* **Given material**:
Content starts

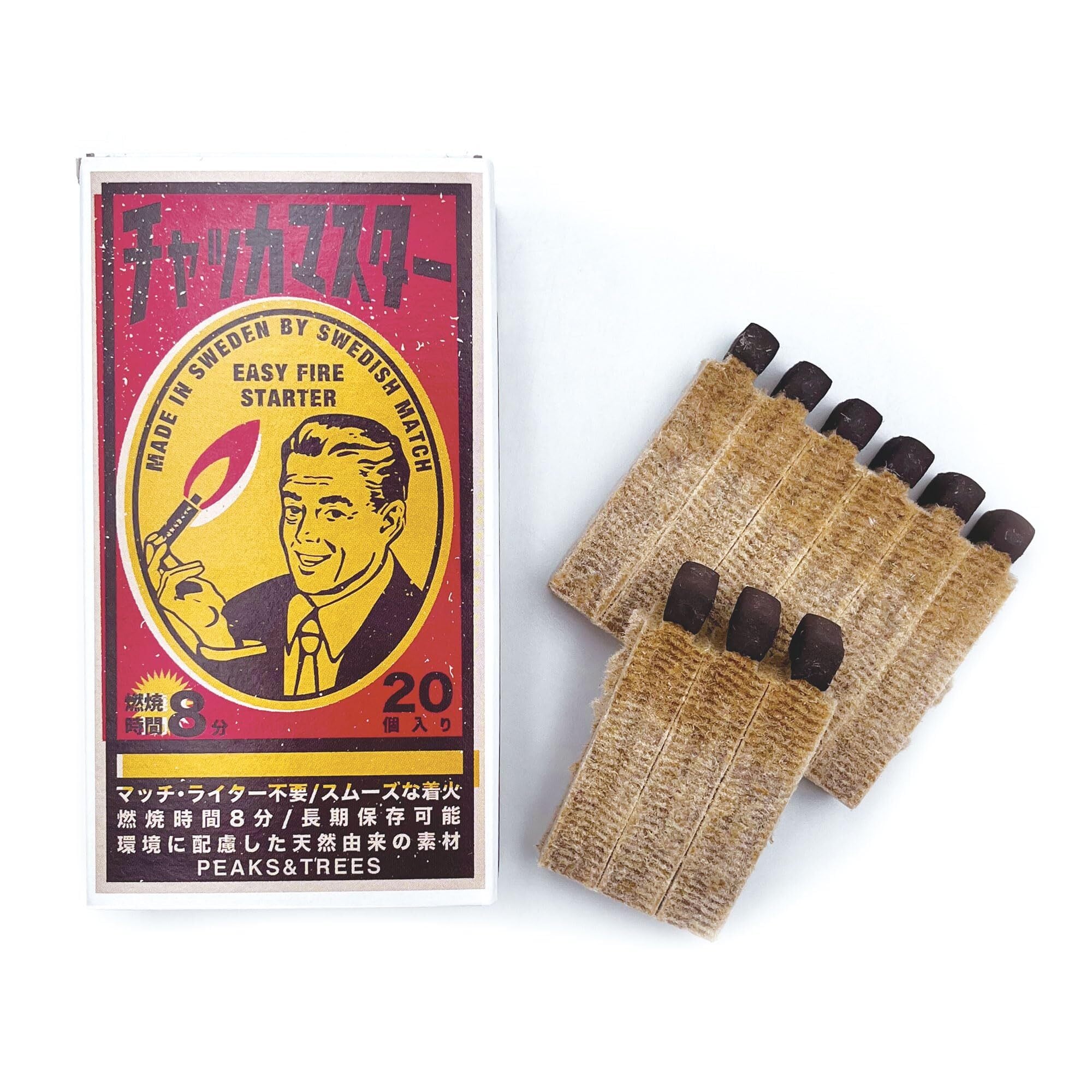 PEAKS&TREES マッチ型 着火剤 キャンプ バーベキュー ファイヤースターター 20個入 FIRESTARTER HEAD COMPOSITION 火起こし 薪ストーブ 焚き火 燃料 天然素材 アウトドア 長持ち 長時間燃焼 ライター不要 防災用品 (1箱)
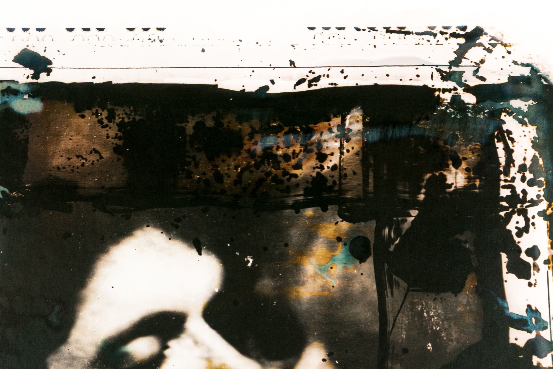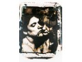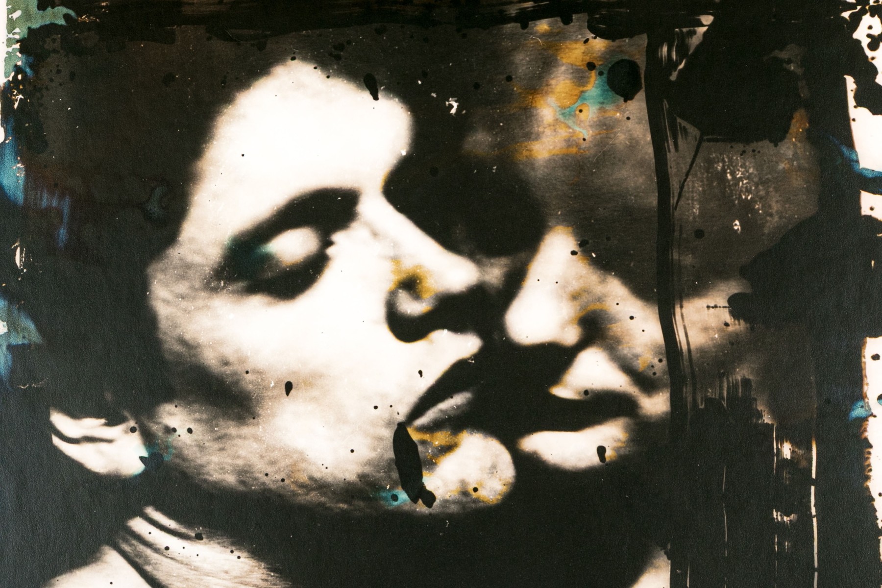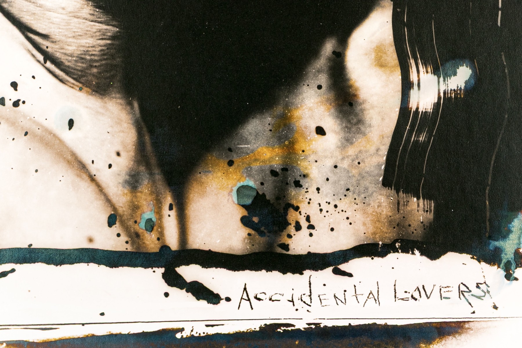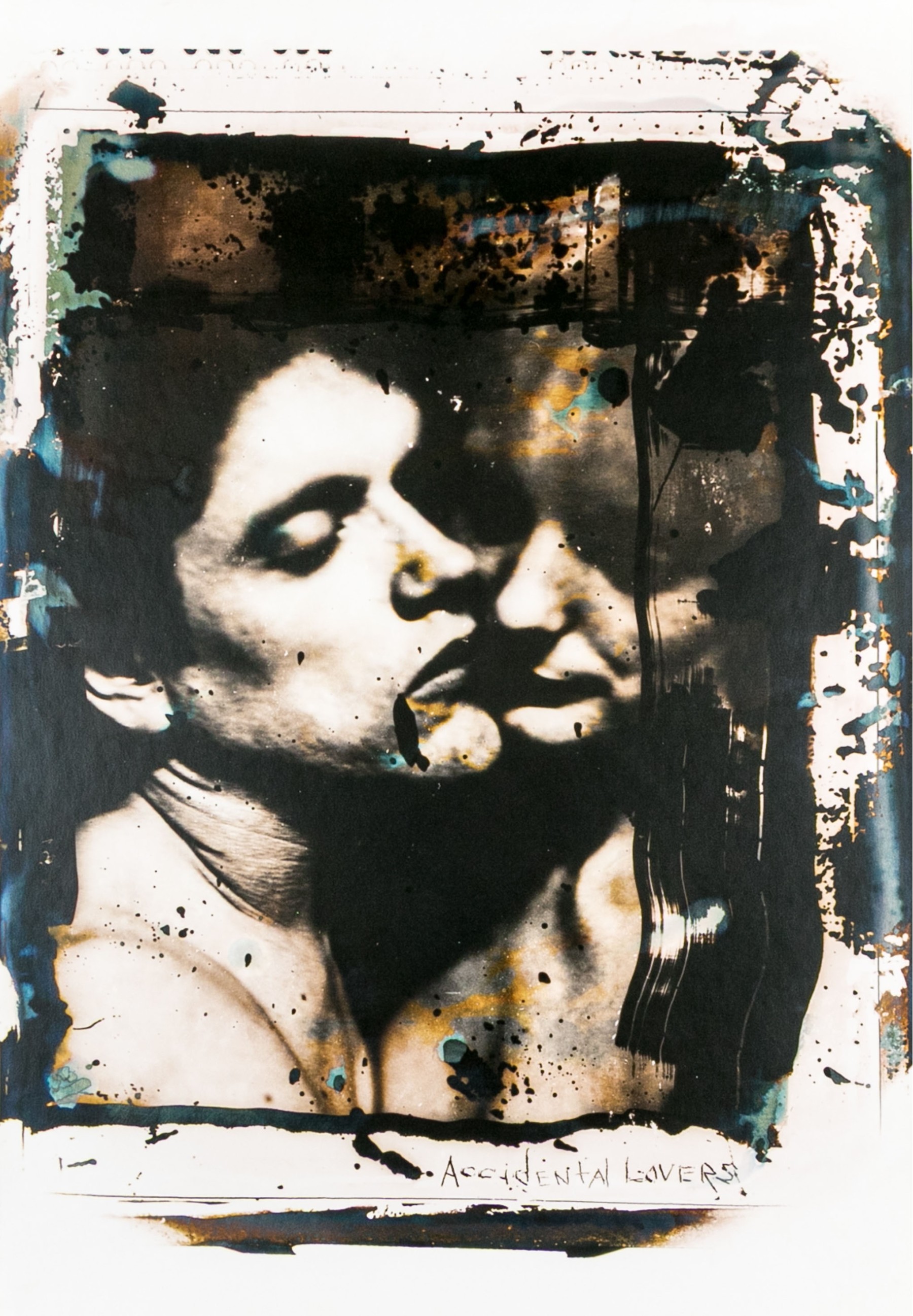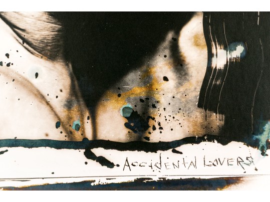 David Seltzer (American, B. 1947) "Accidental Lovers" large gelatin silver print depicting a man and a woman posed together as though close for a kiss, rendered in sepia tone with grungy brush strokes in black, green, and blue. Signed on the verso. Unframed.
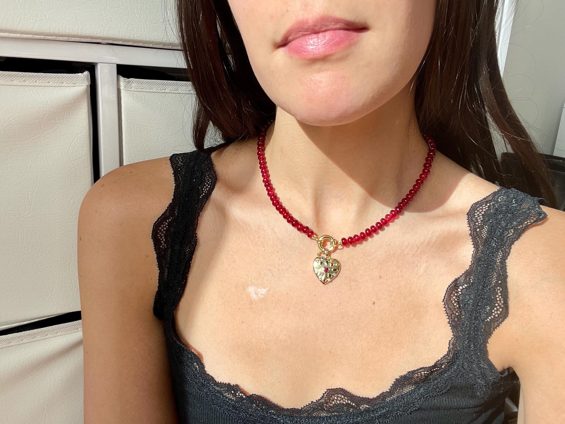 Rich ruby-red stones hand knotted strand with 14K gold filled enhancer clasp and jumbo rainbow gemstone puff heart charm. 16” from clasp to clasp.
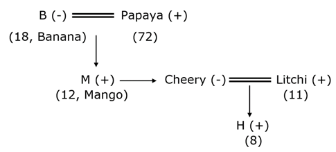- The one who likes Papaya is married to B and takes remaining 72 coins from the one who likes Litchi, since B is married to the one who likes Papaya, that means the one who likes Papaya is father of M and remaining coin with the one who likes Litchi is 11.

Content ends

Each line of the data above is to be output exactly; the pictures are not to appear.

 PEAKS&TREES マッチ型 着火剤 キャンプ バーベキュー ファイヤースターター 20個入 FIRESTARTER HEAD COMPOSITION 火起こし 薪ストーブ 焚き火 燃料 天然素材 アウトドア 長持ち 長時間燃焼 ライター不要 防災用品 (1箱)
 David Seltzer (American, B. 1947) "Accidental Lovers" large gelatin silver print depicting a man and a woman posed together as though close for a kiss, rendered in sepia tone with grungy brush strokes in black, green, and blue. Signed on the verso. Unframed.
 Rich ruby-red stones hand knotted strand with 14K gold filled enhancer clasp and jumbo rainbow gemstone puff heart charm. 16” from clasp to clasp.
- The one who likes Papaya is married to B and takes remaining 72 coins from the one who likes Litchi, since B is married to the one who likes Papaya, that means the one who likes Papaya is father of M and remaining coin with the one who likes Litchi is 11.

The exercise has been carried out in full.